=== Section Start ===

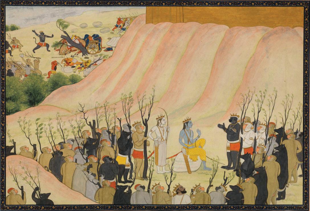 In the present portrait of the Ramayana’s protagonists, this Mughal influence is apparent. The figures appear as strong individuals, assuming a space that belongs entirely to them rather than in an overlapping fashion typical of earlier Rajput painting. The face of each figure is unique, with Rama’s low eyes and his voluminous hair fully distinguished from Lakshmana’s clean hairline and downturned nose. Their flowing garments are highlighted by the stark, monochromatic yellow background characteristic of the Pahari tradition. This painting serves as a benchmark for the beginning of an exploration into depth and naturalism in the Pahari region.
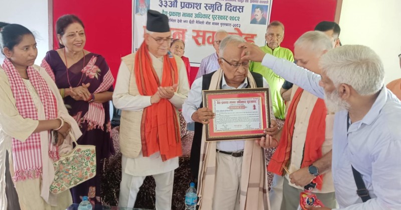 ललितपुर । अनौपचारिक क्षेत्र सेवा केन्द्र इन्सेकका संस्थापक महासचिव स्वर्गीय प्रकाश काफ्लेको ३३औँ स्मृति दिवसका अवसरमा ‘प्रकाश मानवअधिकार पुरस्कार’ बारा जिल्लावासी सामाजिक अभियानकर्मी सुनिलकुमार यादवलाई प्रदान गरिएको छ ।
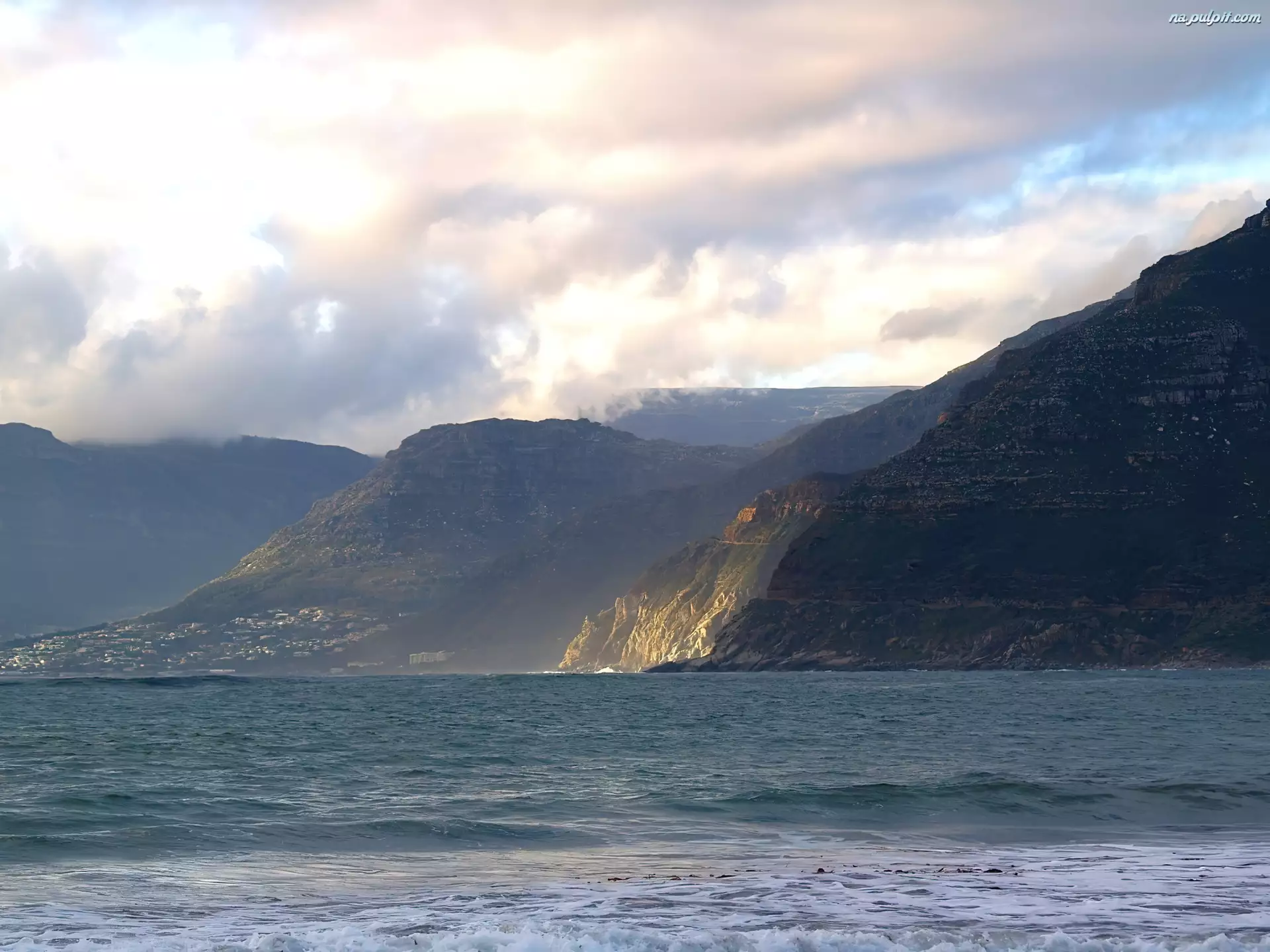Fale, Góry, Niebo, Morze, Chmura

=== Section End ===

What needs to be done – For the material above, give every line again exactly and leave out the pictures.

Answer below –
 In the present portrait of the Ramayana’s protagonists, this Mughal influence is apparent. The figures appear as strong individuals, assuming a space that belongs entirely to them rather than in an overlapping fashion typical of earlier Rajput painting. The face of each figure is unique, with Rama’s low eyes and his voluminous hair fully distinguished from Lakshmana’s clean hairline and downturned nose. Their flowing garments are highlighted by the stark, monochromatic yellow background characteristic of the Pahari tradition. This painting serves as a benchmark for the beginning of an exploration into depth and naturalism in the Pahari region.
 ललितपुर । अनौपचारिक क्षेत्र सेवा केन्द्र इन्सेकका संस्थापक महासचिव स्वर्गीय प्रकाश काफ्लेको ३३औँ स्मृति दिवसका अवसरमा ‘प्रकाश मानवअधिकार पुरस्कार’ बारा जिल्लावासी सामाजिक अभियानकर्मी सुनिलकुमार यादवलाई प्रदान गरिएको छ ।
Fale, Góry, Niebo, Morze, Chmura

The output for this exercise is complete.